Historians often define political periods in the United States according to the dominant president of the era. Arthur M. Schlesinger, Jr., most famously wrote of an Age of Jackson, and other scholars have proposed Ages of Jefferson, Lincoln, and Franklin D. Roosevelt. Sean Wilentz adds another chapter to this genre, labeling the last quarter of the twentieth century after Ronald Reagan, with his book The Age of Reagan: A History, 1974-2008. From the 1974 Watergate scandal until 2008 when Barack Obama was elected to the presidency, the U.S. witnessed the triumph of political conservatism. Ronald Reagan harnessed conservative angst to win the White House, pursued conservative polices as president both domestically and internationally, and left a legacy his conservative political successors attempted to continue, with mixed results.

41tW9b7OIMLThe Age of Reagan provides a valuable overview of recent U.S. political history. During the 1970s both major political parties experienced internal divisions. Conservative Republicans criticized Nixon, Gerald Ford, and Henry Kissinger’s pursuit of détente with the Soviet Union as dangerously weak foreign policy. Liberal Democrats railed against Jimmy Carter’s ineffective leadership in solving the nation’s economic and social problems. Americans turned away from moderates in both parties and looked to conservatism when they elected Ronald Reagan president in 1980. Reagan succeeded in entrenching conservatism within the federal government, particularly with his judicial appointees and expansion of presidential power.

Yet the author correctly debunks much of the mythology surrounding Reagan, noting that his administration often pursued pragmatic policies, unable or unwilling to roll back much of the liberal reform of past years, and also encountered many setbacks, most notably with the Iran-Contra scandal.

The Age of Reagan goes on to describe the triumphs and travails of Reagan’s presidential successors.
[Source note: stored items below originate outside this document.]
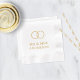 Custom wedding foil napkins display a "Mr and Mrs" monogram design that can be personalized with the couple's names and wedding date. Simple and chic design is features elegant serif typography with an intersecting rings design
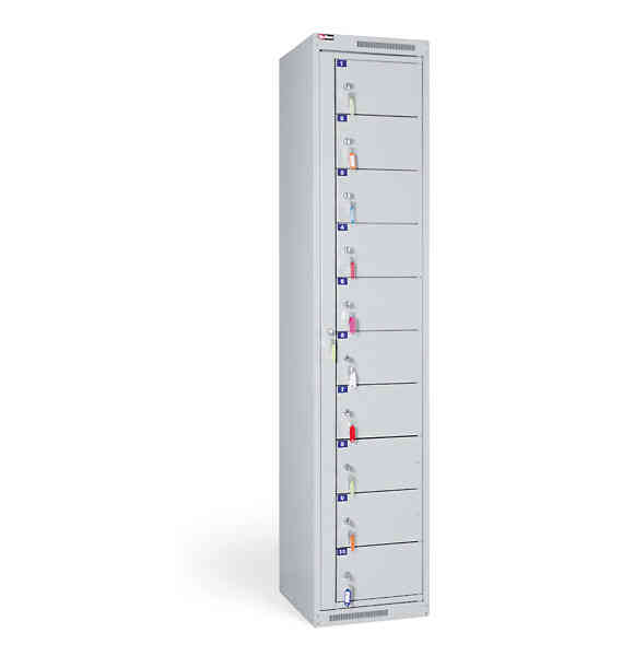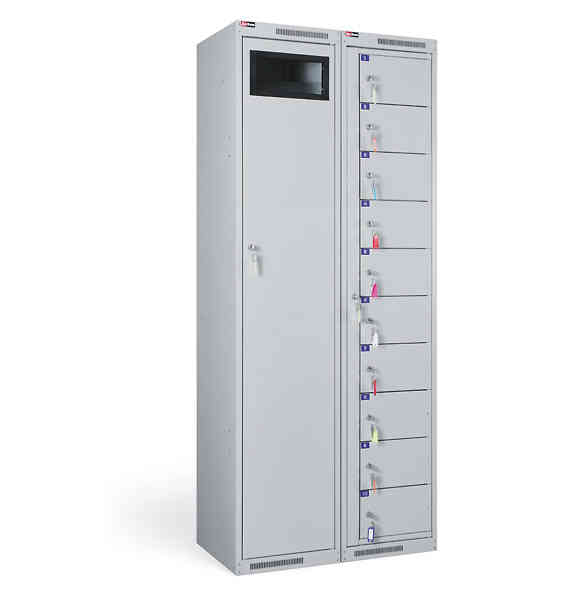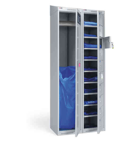 Шкаф АС-1010 имеет 10 ячеек. Для раскладки чистой спецодежды открывается общая дверь, для получения — каждая ячейка открывается своим ключом. Ячейки пронумерованы.
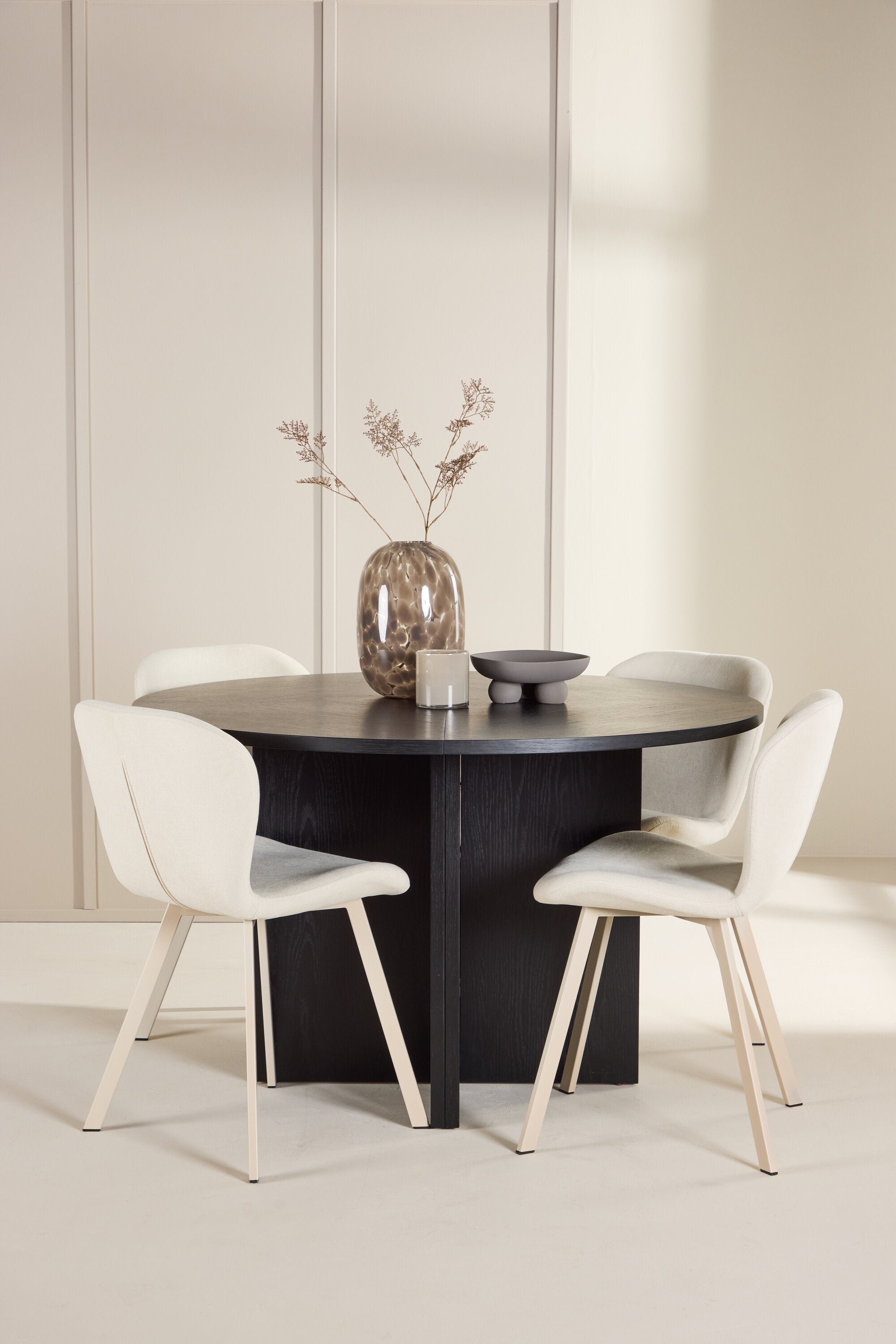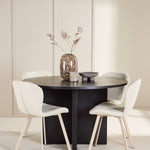 Jídelní stůl Strada je flexibilním a moderním středobodem vyrobeným z elegantního černého dýhového dřeva, díky čemuž je dokonalým středobodem vaší jídelny. S průměrem 120 cm vytváří příjemný a intimní jídelní kout pro každodenní stolování. V případě potřeby lze Strada snadno rozšířit na 170 cm, takže je ideální pro větší setkání a slavnostní večeře s rodinou a přáteli. Jeho elegantní konstrukce z černé dýhy nabízí nadčasový vzhled, který se bez problémů integruje do různých stylů interiéru – od minimalistických a průmyslových až po klasické designy.
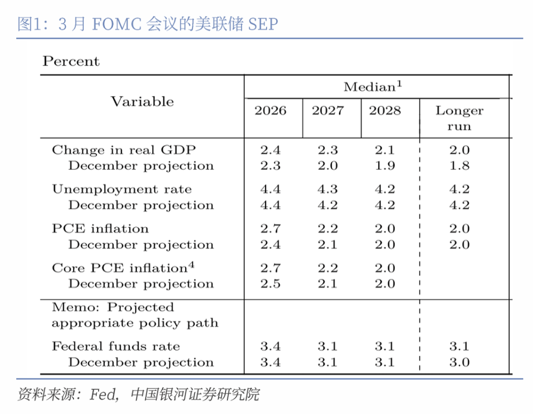 美联储3月FOMC会议核心观点 - 会议整体符合预期,但鲍威尔发布会传递鹰派信号,市场短期需进一步定价通胀,长期需关注经济下行担忧 [1] - 美联储在经济前景不明朗的背景下“雾中开车”,短期按兵不动,更担忧通胀反复,同时警惕通胀预期抬头或就业连续恶化 [2] - 高油价可能产生“两阶段”冲击:短期未被充分定价的能源通胀将压制降息预期和风险偏好;长期若持续高位将拖累经济并最终引发降息 [7] - 当前无需担忧重演2022年连续加息情形,因缺乏当时的多重条件(如过剩流动性、劳动市场巨大缺口),美联储更易将能源冲击视为一次性 [8] - 公司坚持认为,随着通胀偏高开始冲击经济,美联储年内会有1次以上降息,加息概率很低,最乐观情况下仍有3次降息 [1][8] FOMC声明与SEP(经济预测摘要)要点 - FOMC声明变化有限:利率维持3.75%-3.50%不变,RMP规模未调整;声明将失业率描述从“显现企稳迹象”改为“近几个月变化很小”,并增加对中东局势不确定性的表述 [1][3] - 反对不降息的委员人数从上次会议的两人减少至仅米兰(Miran)一人,此前鸽派的沃勒(Waller)加入暂时不降息阵营 [1][3] - SEP预测温和上调:2026年PCE与核心PCE通胀预期从2.4%和2.5%均上调至2.7%;2027年PCE通胀略上调至2.2% [3][11] - 2026年实际GDP增速预测从2.3%小幅上调至2.4%,2027年上调至2.3%;失业率预测基本稳定,2026年维持4.4%,2027年微调至4.3% [3][11] - 点阵图仍指向2026年内有一次降息,联邦基金利率中值预测2026年为3.4%,2027年为3.1% [1][11][14] 鲍威尔发布会传递的鹰派信号 - 鲍威尔弱化了近期劳动市场下行的风险,并强调需要观察通胀预期是否稳定,暗示短期降息并不急迫 [4][5] - 关于通胀,鲍威尔虽倾向于将能源通胀视为一次性冲击,但担忧通胀预期出现脱锚,需观察能源价格向核心价格的传导 [5] - 鲍威尔提及“留任理事”的可能性,以反击特朗普司法部的刑事调查,这可能弱化2026年美联储理事会更鸽派的结构,不利于新主席沃什(Warsh)推动降息 [6] 市场反应与资产价格表现 - 受中东局势升级、美国2月PPI超预期(同比升至3.4%,环比0.7%)及鹰派FOMC信号冲击,降息预期和风险资产全面弱化 [9] - CME联邦基金利率期货显示交易者定价2026年没有任何降息,会议前定价为10月有1次降息 [9] - 美国三大股指全面下跌:标普500跌1.36%,纳指跌1.46%,道指跌1.63% [9] - 债券收益率上行:10年期美债收益率升6.46个基点至4.265%,2年期升9.72个基点至3.771% [9] - 大宗商品:伦金大跌3.86%至4813.533美元/盎司;布油涨至105.06美元/桶,WTI原油涨至99.05美元/桶;美元指数走强至100.2981 [9] 经济与政策背景分析 - 美联储面临短期滞胀与长期衰退风险上升的两难局面:3月CPI预计向3%靠拢体现能源价格压力,同时劳动市场新增就业三月均值基本处于零增长状态 [2] - 地缘政治方面,中东局势因美国攻击伊朗能源设施并引发报复而升级,能源价格的外生性冲击难以预测 [2] - 政策方面,新任美联储主席沃什希望去监管和降息,但短期受通胀反弹阻碍,大规模缩表在回购市场流动性不算充裕的情况下也难以开启 [2] - 劳动市场下行压力仍然存在,新增非农就业三个月移动平均值显示增长乏力 [18][19] - 经济在不确定性和偏高利率下未展示出周期性回升势头,不含进出口、政府和库存的GDP增长疲软 [22][23]
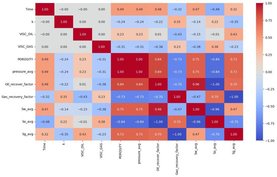 The gas recovery factor exhibits a strong negative correlation (−0.73) with porosity and pressure, implying that in scenarios where porosity and pressure are high, the gas recovery factor tends to be lower. The average water saturation shows a near-perfect negative correlation (−0.96) with the average oil saturation, which is expected as increases in one typically result in decreases in the other within the reservoir.
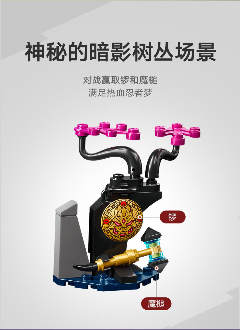 此冒险玩具配有 5 只人偶-附剑配件的忍者战士劳埃德、索拉与赤兰,以及邪恶双人组:附锤子的拉斯君王和附剑配件的辛德-让孩子能上演忍者战斗场景。里面还有 1 棵积木组成的小树,包含魔法槌子与终结之锣配件,这些旋风忍者角色正在为赢得这些物品而战。

George H. W. Bush, less conservative than his predecessor, encountered difficulties in appealing to both the moderate and right-wing factions of his party. Bill Clinton, a self-described New Democrat, governed as a centrist following Republican capture of Congress in the 1994 elections, recognizing this as a requirement in a conservative age. Wilentz concludes with a brief overview of George W. Bush’s tumultuous presidency. During these years conservatism may already have been running on borrowed time, butevents of the Bush years, such as the controversial election of 2000, the disastrous Iraq War, the miserable response to Hurricane Katrina, and the dramatic collapse of the economy ultimately sounded the death knell for the Age of Reagan, as Americans rejected conservatism in favor of Barack Obama’s call for political change. Sean Wilentz’s The Age of Reagan is a fascinating narrative of recent U.S. history, and will prove engaging reading, especially in the aftermath of the 2010 elections.
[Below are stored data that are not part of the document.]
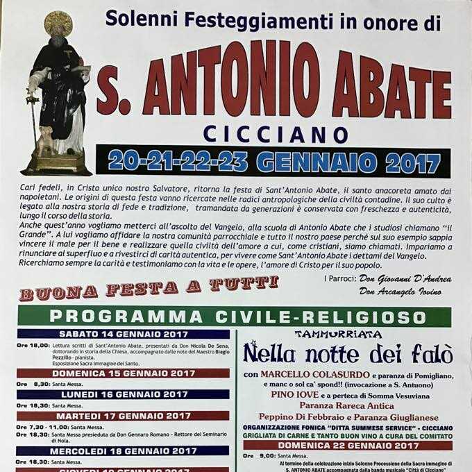 Si terranno dal 20 al 23 gennaio i solenni festeggiamenti in onore di Sant’Antonio Abate a Cicciano. Sante messe, balli e canti popolari, tammurriata, processioni e falò allieteranno i cittadini presenti all’evento in onore di un Santo venerato da oltre un secolo, protettore degli animali domestici, degli allevatori, dei contadini e di tutti coloro che hanno a che fare con il fuoco. Sabato 21 gennaio andrà in scena il tradizionale Falo di Sant’Antonio, con Marcello Colasurdo, Pino Iove, la paranza rareca antica e Peppino Di Febbraio e paranza Giuglianese, una grigliata di carne e tanto buon vino ad accompagnare la magica serata che si ripete ormai da oltre vent’anni.
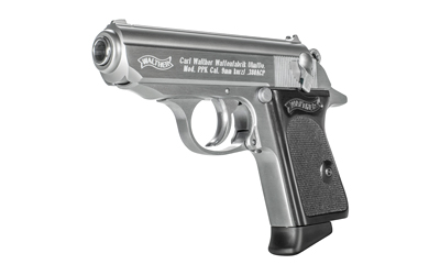 Walther PPK Semi-Auto Pistol 4796001, 380 ACP, 3.3″, Black Plastic Grips, Stainless Finish, 6 R
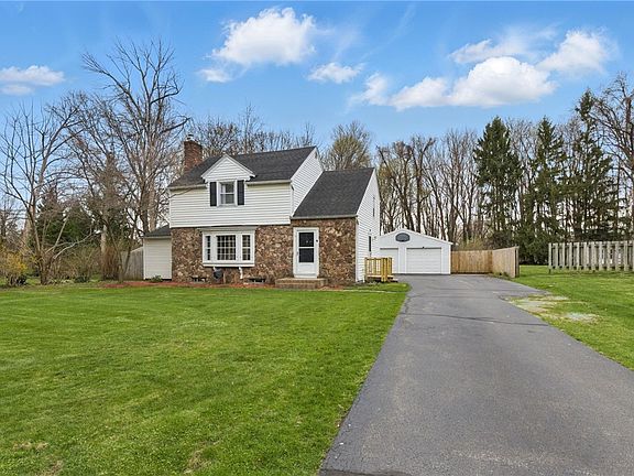 Open Sat 4/26 11am-1230pm. Move-in ready and full of charm, this updated colonial offers great space and modern comfort in a fantastic Greece location. The clean oak kitchen features a tile backsplash and opens to a spacious entryway/mudroom, convenient first-floor half bath, and a versatile office or walk-in pantry. Enjoy formal dining and a large living room with LVT flooring and a cozy wood-burning fireplace. Upstairs are three bedrooms, including a generously sized primary (11x18) with a walk-in closet, an updated main bath, and two additional good-sized bedrooms. The fully fenced backyard is private and expansive with a patio, 12x16 shed, and a 24x24 2.5-car detached garage—perfect for storage, cars, and toys. Vinyl siding and windows offer low-maintenance living. Incredible value at this price! Delayed Negotiations till Tuesday 4/29 at 1pm! Sqft measured by seller.
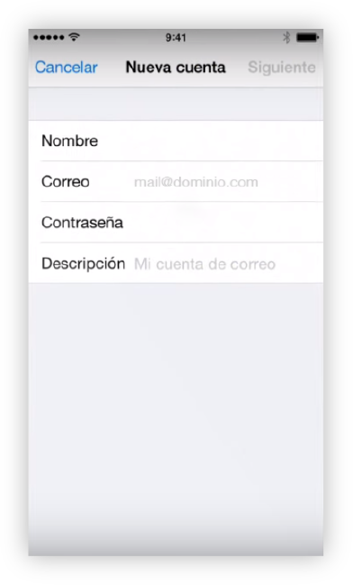 5. Nueva cuentaIntroduce tu nombre, dirección de correo electrónico, contraseña y una descripción de la cuenta. En la descripción, puede escribir algo que le permita identificar su casilla de correo. Pulsa siguiente.

Time will tell if the Age of Reagan truly is over. The emergence of right-wing groups such as the Tea Party and the continued popularity of demagogic figures like Rush Limbaugh and Glenn Beck suggest that the conservative movement will not exit quietly into the night. The current president and his supporters would have to convince Americans of the superiority of their policies, no small task. Their success or failure will determine whether the United States has entered a new period, perhaps an Age of Obama, or returns to the Age of Reagan.